GOAL OF THE EXERCISE: Would you return exactly the lines below from the line with "7分袖ひざ丈Aラインドレス 袖レース ピンアクセント付き" through the line with "- Saco fabricado", both included, and nothing else, leaving out the pictures?

DATA LISTING:
==============================
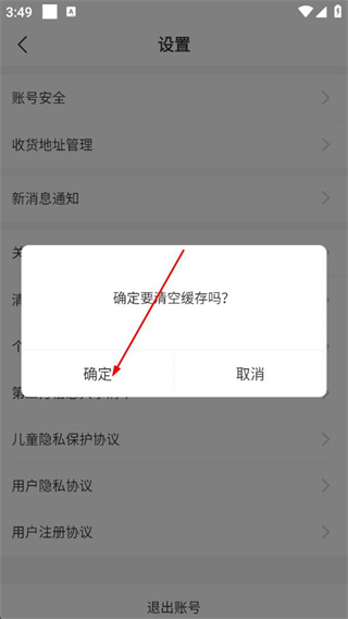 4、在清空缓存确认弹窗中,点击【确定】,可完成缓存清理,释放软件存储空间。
==============================
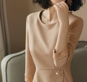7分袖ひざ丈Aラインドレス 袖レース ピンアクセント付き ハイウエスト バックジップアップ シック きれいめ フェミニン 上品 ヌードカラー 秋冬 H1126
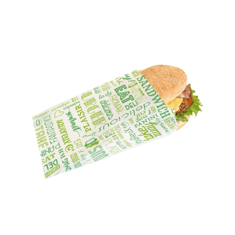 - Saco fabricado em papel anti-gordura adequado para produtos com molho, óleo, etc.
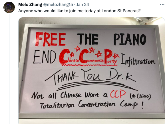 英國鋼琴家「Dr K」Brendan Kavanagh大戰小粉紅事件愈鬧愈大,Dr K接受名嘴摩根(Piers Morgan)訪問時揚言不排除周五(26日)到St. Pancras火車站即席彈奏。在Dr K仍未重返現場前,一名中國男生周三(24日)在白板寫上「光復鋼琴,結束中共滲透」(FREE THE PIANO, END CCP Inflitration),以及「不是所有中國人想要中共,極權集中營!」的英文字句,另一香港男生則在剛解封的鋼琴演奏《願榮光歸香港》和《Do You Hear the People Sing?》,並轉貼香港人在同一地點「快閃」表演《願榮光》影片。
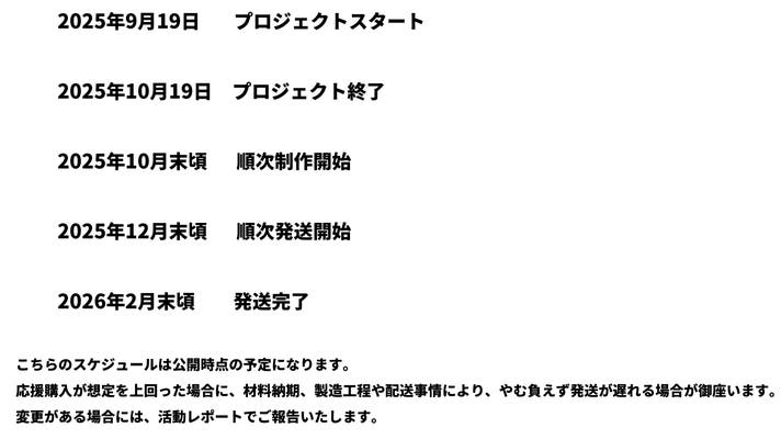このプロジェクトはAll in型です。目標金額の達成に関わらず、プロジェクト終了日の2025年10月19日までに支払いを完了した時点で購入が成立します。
==============================
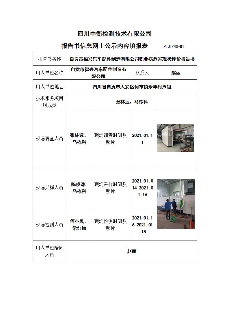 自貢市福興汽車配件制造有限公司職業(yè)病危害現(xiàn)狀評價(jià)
==============================
RESULT BELOW:
7分袖ひざ丈Aラインドレス 袖レース ピンアクセント付き ハイウエスト バックジップアップ シック きれいめ フェミニン 上品 ヌードカラー 秋冬 H1126
 - Saco fabricado em papel anti-gordura adequado para produtos com molho, óleo, etc.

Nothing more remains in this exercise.